Fragment, indeed. Somewhat shorter, even, than the first. And certainly more perplexing; full of words which one could understand singly but which, woven together, produced a tapestry so baffling as to court madness. I would not, however, have this fellow—of whom I had come to think, for all his affectation of a monkish spiritual rigour, as being too pleased with himself by half—believe me to be without opinion or insight.

“A machine that works with numbers,” I said. “A sophistication, I assume, of Herr Leibniz’s Stepped Reckoner?”

“Were Herr Leibniz to fall asleep and dream himself into a world of mechanical wonders unguessed-at in our present day and then, within that dreaming world of splendours, to fall asleep and dream of a world whose inventions put those of the first to shame, he would still be some distance from comprehending the …”

Good God. I know that I’ve been accused of as much myself, but it seemed to me that my monastic friend was making his point with an inordinate amount of excessive elaboration. I pretended to stifle a yawn but hints, it appeared, were not to be taken.

“… enormous strides in computational capabilities that await us in—”

“That’s as may be,” I said, finally cutting him off. “But I suspect two and two will probably still make four. In any case, there’s a far more important lesson to be learned from this little curiosity of yours.”

“Indeed?” said the Hermit, raising an eyebrow.

“Indeed,” said I. “It appears that, in the future, ladies shall still dance?”

“It appears so,” he admitted.

“Then the world shall not entirely have gone to Hell,” I said, and held out my hand for the third fragment.
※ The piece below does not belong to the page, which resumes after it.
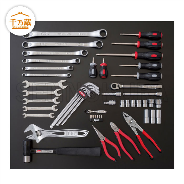 一般工具を厳選したツールセット。 【外寸】433(W)×220(D)×240(H)mm 【カラー】ダークシルバー 【重量】11.5kg 【セット内容】57点 【差込角】9.5mm ■特長 ・V形3段式の天面フラットタイプ ・全段プラスチックトレー付きでメタルケース仕様 ・自動車のメンテナンスに適した工具の標準セット ・セット内容は全部で57点 ※数量限定のため、欠品する場合がございます。ご了承ください。

“Past. Future,” I mused. “This next will, I take it, enlighten me regarding the present?”

A solemn nod was his only reply as he placed the document in my hand.

As with its companions, it was a single sheet of paper folded in half. As before, a title was on the outer fold:

HOW LONG DOES THE MAYFLY LIVE?

But the paper, once unfolded, was completely blank.

For a brief moment, I felt a chill of fear, its source unclear to me and its strength disturbingly disproportionate to the circumstance.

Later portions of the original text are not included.